Dataset section |

-*-*-

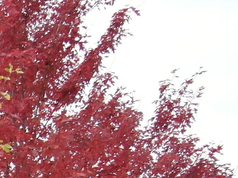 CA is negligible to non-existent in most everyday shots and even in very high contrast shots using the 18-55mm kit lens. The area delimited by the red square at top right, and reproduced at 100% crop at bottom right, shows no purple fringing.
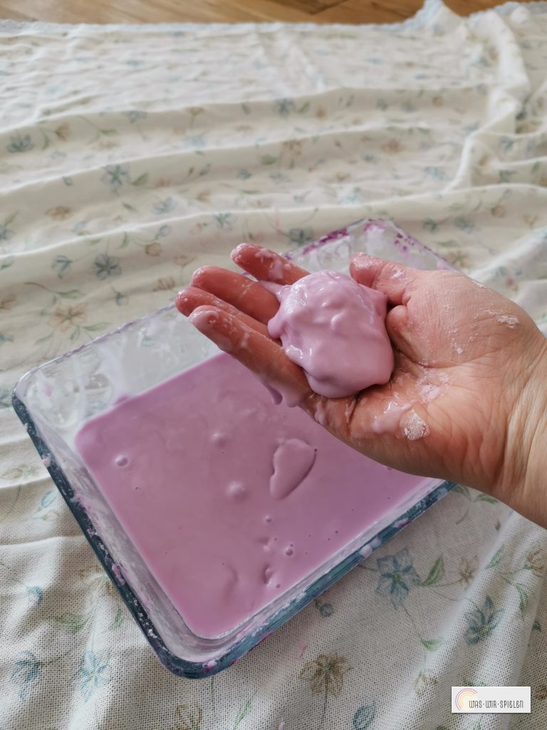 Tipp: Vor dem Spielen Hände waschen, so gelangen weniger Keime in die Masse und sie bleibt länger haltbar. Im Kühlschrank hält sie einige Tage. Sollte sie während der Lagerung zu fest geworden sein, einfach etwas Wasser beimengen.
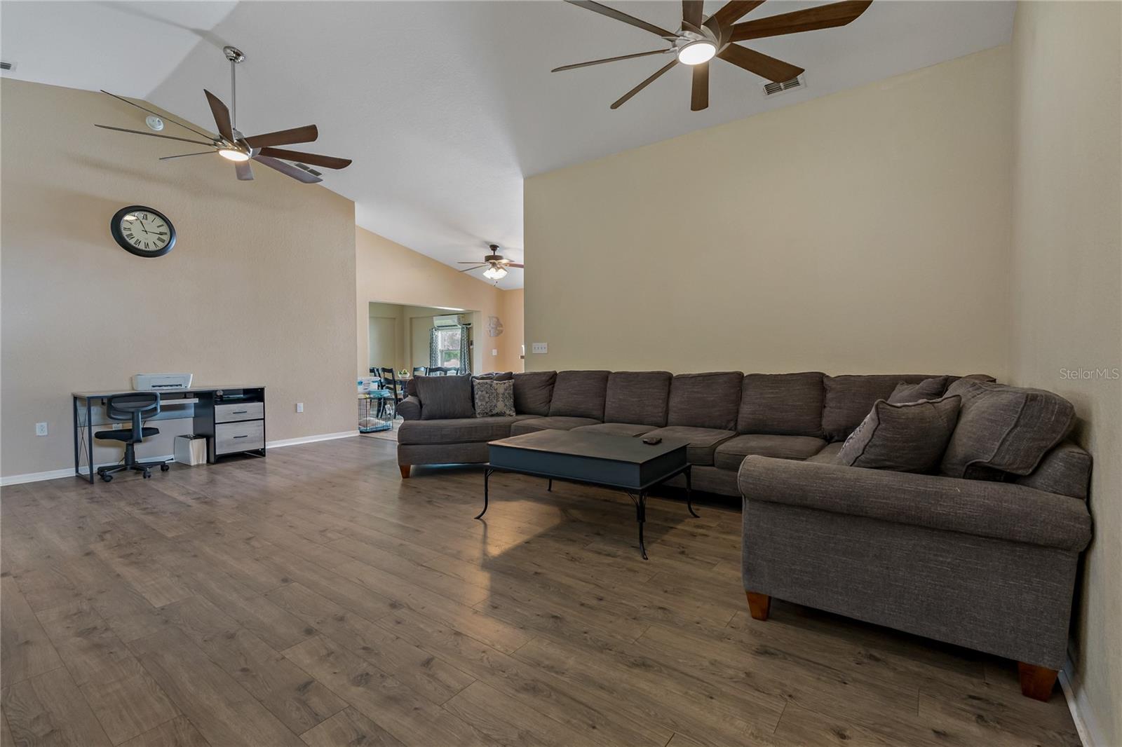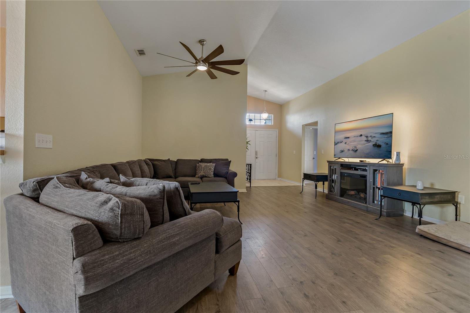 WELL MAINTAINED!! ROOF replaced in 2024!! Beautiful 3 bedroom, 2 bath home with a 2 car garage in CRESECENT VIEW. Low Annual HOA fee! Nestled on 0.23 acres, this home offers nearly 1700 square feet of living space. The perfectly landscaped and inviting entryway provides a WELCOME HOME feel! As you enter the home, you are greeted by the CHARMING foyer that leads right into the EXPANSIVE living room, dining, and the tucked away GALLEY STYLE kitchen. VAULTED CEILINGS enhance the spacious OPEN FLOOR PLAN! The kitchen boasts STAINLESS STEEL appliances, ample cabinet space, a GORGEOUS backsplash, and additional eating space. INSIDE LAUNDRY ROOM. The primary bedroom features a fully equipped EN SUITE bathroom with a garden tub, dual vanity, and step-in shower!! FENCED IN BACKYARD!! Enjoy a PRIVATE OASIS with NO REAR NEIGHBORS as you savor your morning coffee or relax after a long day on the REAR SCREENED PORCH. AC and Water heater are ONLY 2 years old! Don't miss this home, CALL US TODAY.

-*-*-

What the task requires |
What is needed is an exact copy of the lines from the start of the listing above through the line that holds "Tipp: Vor dem", with the pictures left out.

Answer section |
 CA is negligible to non-existent in most everyday shots and even in very high contrast shots using the 18-55mm kit lens. The area delimited by the red square at top right, and reproduced at 100% crop at bottom right, shows no purple fringing.
 Tipp: Vor dem Spielen Hände waschen, so gelangen weniger Keime in die Masse und sie bleibt länger haltbar. Im Kühlschrank hält sie einige Tage. Sollte sie während der Lagerung zu fest geworden sein, einfach etwas Wasser beimengen.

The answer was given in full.